The original rationale for this restriction was that it would allow the broadcaster to focus on broadcasting, without any interference from, or conflict of interest with, a parent company’s other businesses. However, the Government has now taken the view that competition in the market, particularly from the internet, is now sufficiently intense to ensure that the broadcaster will compete in its own interests anyway. Therefore, the restriction is no longer necessary.
Moreover, the removal of the restriction will allow conventional broadcasters greater access to funds for investment and innovation, and avoid the need for artificial joint shareholding structures to be put into place.
The second major change will be the relaxation of some of the cross-media ownership restrictions. For example, a newspaper proprietor is not currently allowed to own a significant shareholding in a conventional broadcaster. The rationale of this restriction was to ensure a diversity of views, and to avoid a single media company becoming too powerful.

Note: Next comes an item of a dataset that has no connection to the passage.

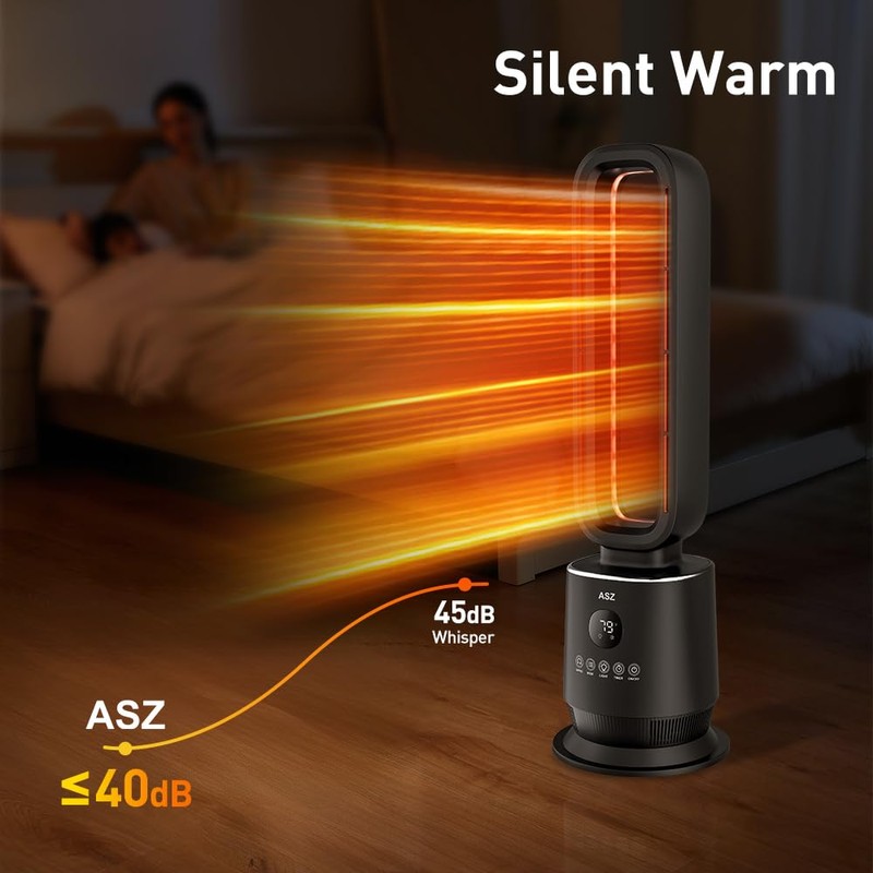 ASZ Tower Space Heater Bladeless with Thermostat- Oscillating Digital Ceramic Heaters for Indoor Home with Adjustable Thermostat, Timer and Remote Control, 32 Inches, 1500W (Black)

Again, the Government is taking the view that the sources of information and views available today are so vast and diverse that this is no longer an issue, and this restriction can be removed.
So far, so good. But what about regulation in the form of the broadcasters’ licence conditions, which is not addressed in the consultation paper? To give just a few examples:
- A broadcasting licensee (BL) must provide a forward-looking investment plan for each six-year period of its 12-year licence, which specifies “the licensee’s commitment of capital expenditure and operating expenditure (including programming costs).”
- A BL is not permitted to deviate from the investment plan, but the Communications Authority (CA) may grant a waiver in certain cases.
- A BL must submit a report to the CA within three months of each accounting year certifying the amount of capital and operating expenditure in the preceding year, and, where there is any deviation from the projected expenditure, must explain this “to the satisfaction of” the CA.
- A BL must “ensure good discipline and training” of its staff.
It may be surprising to many people how intrusive these conditions are, and how close an involvement the CA takes in overseeing the business of BLs – particularly given that the Government has said it is seeking to lighten the burden on conventional broadcasters and address the regulatory imbalance with internet broadcasters.
It would also be surprising if these conditions were allowed to persist in a market which the Government said in the consultation paper is highly competitive. After all, it was the high level of competition that, at least in part, justified the Government’s proposal to relax the cross-media ownership and “no subsidiary” requirements, as noted above. Businesses in other competitive markets are not subject to requirements such as those contained in these licence conditions.
We welcome the Government’s review of the BO, and its promise to review at least two other Ordinances later this year – the Telecommunications Ordinance and the Competition Ordinance. This is consistent with the Chief Executive’s stated intention that the Government should act as a “facilitator” for business. But in the case of broadcasting and telecommunications, it is not just the Ordinances that need to be reviewed. The conditions of the operators’ licences must also be re-examined to see if they are still fit for purpose, or can be removed or relaxed.